Tetraodon maternal and embryonic transcripts are associated with early embryonic developmental functions

In order to identify maternal and embryonic expressed transcripts, we evaluated the expression levels in the three developmental sampled stages (Suppl. Data S7) and carried out pairwise comparisons between each combination of two stages. To limit the rate of false positives, which might arise due to the lack of replicates we used stringent parameters and a specific filtering strategy in the selection of differentially expressed transcripts (see methods). A total of 10,965 coding and 192 lncRNA transcripts showed a significant change in the expression levels in at least one of the comparison. Among them we identified and classified the groups of maternal (307 coding, 10 lncRNAs) and embryonic (4221 coding, 81 lncRNAs) specific transcripts (see methods, Table 1 and Suppl. Table S2 and Suppl. Data S8). To understand the functions of coding genes differentially expressed during early development in tetraodon, we performed a gene ontology (GO) enrichment analysis (Suppl. Table S3). Maternal-specific protein coding genes showed significant enrichment for GO classes such as determination of dorsal identity, regulation of WNT signalling pathway, actin cytoskeleton organisation and mitosis (Fig. 4a) in agreement with what has been observed for maternally deposited transcripts in other species^28,29. The GO processes of BMP signalling pathway and somitogenesis were enriched in embryonic expressed genes along with calcium-dependent cell-cell adhesion, organ morphogenesis and regulation of transcription, terms usually associated with the developing embryo (Fig. 4b).

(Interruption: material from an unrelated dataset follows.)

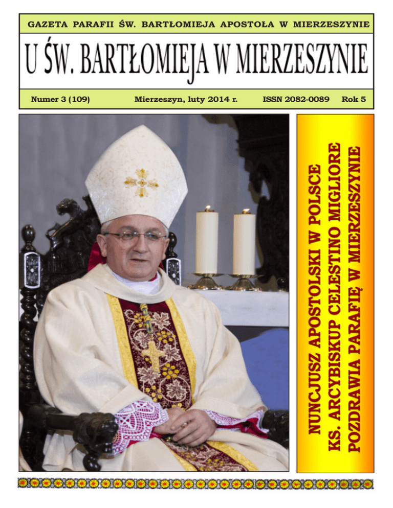 GAZETA PARAFII ŚW. BARTŁOMIEJA APOSTOŁA W MIERZESZYNIE Numer 3 (109) Mierzeszyn, luty 2014 r. ISSN 2082-0089 Rok 5 U ŒW. BART£OMIEJA W MIERZESZYNIE - nr 3 (109) luty 2014 2 U ŒW. BART£OMIEJA W MIERZESZYNIE - nr 3 (109) luty 2014 3 ORĘDZIE PAPIEŻA FRANCISZKA NA XXII ŚWIATOWY DZIEŃ CHOREGO 11 lutego 2014 roku 1. Z okazji XXII Światowego Dnia Chorego, którego temat w tym roku brzmi ,,Wiara i miłosierdzie: «My także winniśmy oddać życie za braci»”(1 J 3,16), zwracam się szczególnie do chorych i tych wszystkich, którzy zapewniają ich opiekę i leczenie. Kościół widzi w was, drodzy chorzy szczególną obecność cierpiącego Chrystusa. Tak się dzieje: obok, a w rzeczywistości w obrębie naszego cierpienia jest cierpienie Chrystusa, który wraz z nami niesie jego ciężar i objawia jego sens. Kiedy Syn Boży wstąpił na krzyż, zniszczył samotność cierpienia i oświecił jego ciemności. W ten sposób stajemy przed tajemnicą miłości Boga względem nas, która napełnia nas nadzieją i odwagą: nadzieją, ponieważ w Bożym planie miłości, także noc cierpienia otwiera się na światło paschalne; a odwagą, by stawiać czoło wszelkim przeciwnościom w Jego towarzystwie, zjednoczeni z Nim. 2. Syn Boży, który stał się człowiekiem nie usunął z ludzkiego doświadczenia choroby i cierpienia, ale przyjmując je w sobie, przekształcił je i przywrócił im właściwy wymiar. Właściwy wymiar, ponieważ, nie mają już one ostatniego słowa, którym od tej pory jest nowe życie w pełni; przekształcił, bo w jedności z Chrystusem z negatywnych mogą stać się pozytywnymi. Jezus jest drogą, i wspierani Jego Duchem możemy Go naśladować. Tak jak Ojciec dał Syna z miłości, a Syn oddał siebie z tej samej miłości, podobnie i my możemy miłować innych tak, jak Bóg nas umiłował, dając swoje życie za braci. Wiara w dobrego Boga staje się skutecznością, wiara w Chrystusa Ukrzyżowanego staje się siłą miłości aż do końca, i to nawet naszych nieprzyjaciół. Dowodem prawdziwej wiary w Chrystusa jest dar z samego siebie, pokrywający się z miłością bliźniego, zwłaszcza tych, którzy na nią nie zasługują, osób cierpiących, czy usuniętych na margines. 3. Na mocy chrztu i bierzmowania jesteśmy powołani, by upodabniać się do Chrystusa, Miłosiernego Samarytanina wszystkich cierpiących. ,,Po tym poznaliśmy miłość, że On oddał za nas życie swoje. My także winniśmy oddać życie za braci”(1 J 3,16). Kiedy z czułością podchodzimy do osób potrzebujących leczenia, to niesiemy nadzieję i uśmiech Boga w przeciwieństwa świata. Kiedy stylem naszego działania staje się wielkoduszne poświęcenie dla innych, to tworzymy przestrzeń dla Serca Chrystusa i jesteśmy nim rozpaleni, wnosząc w ten sposób nasz wkład do przyjścia Królestwa Bożego. 4. Naszemu rozwojowi w czułości, w miłosierdziu naznaczonym szacunkiem i delikatnością, pomaga wzór chrześcijański, ku któremu pewnie trzeba kierować nasze spojrzenie. Jest to Matka Jezusa i nasza Matka, bacznie wsłuchująca się w głos Boga oraz potrzeby i trudności swych dzieci. Maryja, pobudzona Bożym miłosierdziem, które w niej staje się ciałem, zapomina o sobie i pospiesznie wyrusza w drogę z Galilei do Judei, aby zobaczyć się z swoją krewną Elżbietą, wstawia się u swego Syna na weselu w Kanie, gdy widzi, że brakuje wina na godach, niesie w swoim sercu przez całą swoją pielgrzymkę życiową słowa starca Symeona, który zapowiedział, że miecz przeniknie Jej duszę i mężnie trwa u stóp Jezusowego krzyża. Ona wie, jak pokonuje się tę drogę i dlatego jest Matką wszystkich chorych i cierpiących. Ufnie możemy się do Niej uciekać z synowskim oddaniem, będąc pewnymi, że będzie nam pomagać, wspierać nas i że nas nie opuści. Ona jest Matką Chrystusa zmartwychwstałego: trwa przy naszych krzyżach i towarzyszy nam na naszej drodze ku zmartwychwstaniu i życiu w pełni. 5. Święty Jan, uczeń, który wraz z Maryją stał u stóp krzyża, prowadzi nas z powrotem do źródeł wiary i miłości, do serca Boga, który ,,jest miłością” (1 J 4,8.16), i przypomina nam, że nie możemy kochać Boga jeśli nie miłujemy braci. Kto stoi pod krzyżem z Maryją, uczy się kochać tak, jak Jezus. Krzyż jest ,,pewnością wiernej miłości Boga do nas. Miłości tak wielkiej, że wchodzi w nasz grzech i go przebacza, wchodzi w nasze cierpienie i daje nam siłę, aby je znosić, wchodzi także w śmierć, aby ją zwyciężyć i nas zbawić... Krzyż Chrystusa zachęca także, abyśmy dali się zarazić tą miłością, uczy nas zatem patrzeć na bliźniego zawsze z miłosierdziem i miłością, zwłaszcza na tych, którzy cierpią, którzy potrzebują pomocy” (Droga Krzyżowa z młodzieżą, Rio de Janeiro, 26 lipca 2013). Zawierzam ten XXII Światowy Dzień Chorego wstawiennictwu Maryi, aby pomogła ludziom chorym przeżywać swoje cierpienie w jedności z Jezusem Chrystusem i wspierała tych, którzy się nimi opiekują. Wszystkim chorym, pracownikom służby zdrowia i wolontariuszom z serca udzielam Apostolskiego Błogosławieństwa. papież FRANCISZEK Watykan, 6 grudnia 2013 roku U ŒW. BART£OMIEJA W MIERZESZYNIE - nr 3 (109) luty 2014 4 SYLWETKI NOWYCH KARDYNAŁÓW 22 lutego 2014 roku ABP PIETRO PAROLIN, arcybiskup tytularny Acquapendente, sekretarz stanu Stolicy Apostolskiej. Urodzony 17 stycznia 1955 w Schiavon koło Vicenzy w północnych Włoszech. Abp Parolin jest, mimo stosunkowo młodego wieku, jednym z najbardziej doświadczonych dyplomatów watykańskich. Po święceniach kapłańskich studiował w Rzymie prawo kanoniczne i dyplomację, a w 1986 rozpoczął służbę w dyplomacji Stolicy Apostolskiej. Pracował w przedstawicielstwach papieskich w Nigerii (1986-1989) i Meksyku (1989-1992). Po powrocie do Watykanu był odpowiedzialny w kierowanym przez kard. Angelo Sodano Sekretariacie Stanu za Hiszpanię, Andorę, za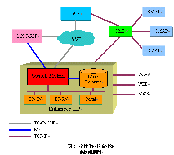 個性化回鈴音業(yè)務是基于智能網(wǎng)平臺實現(xiàn)的全新增值智能業(yè)務,采用被叫簽約信息T-CSI觸發(fā)的方式。具體實現(xiàn)時利用現(xiàn)有智能網(wǎng)結構,將業(yè)務邏輯加載在SCP上,MSC/SSP根據(jù)用戶的歸屬HLR中的T-CSI信息,觸發(fā)智能業(yè)務到用戶歸屬的SCP上,并進行相應的業(yè)務控制處理。在呼叫過程中,由SCP控制獨立IP,向用戶提供音樂回鈴音。其中的Switch Matrix即為東信CS21-IPS設備,為IIP-CN的實現(xiàn)提供了TCAP/SCCP/MTP的信令功能,為IIP-RN提供了ISUP信令和前置交換功能。作為穩(wěn)定可靠的前置交換平臺,為運營商提供有效的增值空間,為用戶提供了優(yōu)質的服務。

Table 1 Number of transcripts and their corresponding loci showing differential expression.

Full size table

It has been suggested that lincRNAs are functionally associated and often co-expressed with their proximal coding genes¹¹. We performed correlation analysis comparing the fold changes of lncRNAs transcripts with respect to the fold changes of their respective proximal coding genes. Results show a significant positive correlation (rho = 0.32, p-value = 1.34e10⁻⁷⁸) indicating that lncRNAs present expression dynamics similar to those of their flanking coding genes. Hence, to identify the putative functions of developmentally regulated lincRNAs, we analysed the functional enrichments of coding genes proximal to embryonic specific lincRNAs with respect to coding genes proximal to the whole set of lincRNAs (10 KB upstream and downstream). The number of maternal lincRNAs was too low (10 transcripts) to perform a similar analysis on them. Remarkably, the terms significantly enriched among coding transcripts proximal to embryonic lincRNAs include processes related to development, signalling, organogenesis and differentiation (Fig. 4c). Our results highlight the importance of the assembled transcriptome as an important resource giving novel insights into the transcriptional dynamics and functions of protein-coding and non-coding transcripts during embryogenesis.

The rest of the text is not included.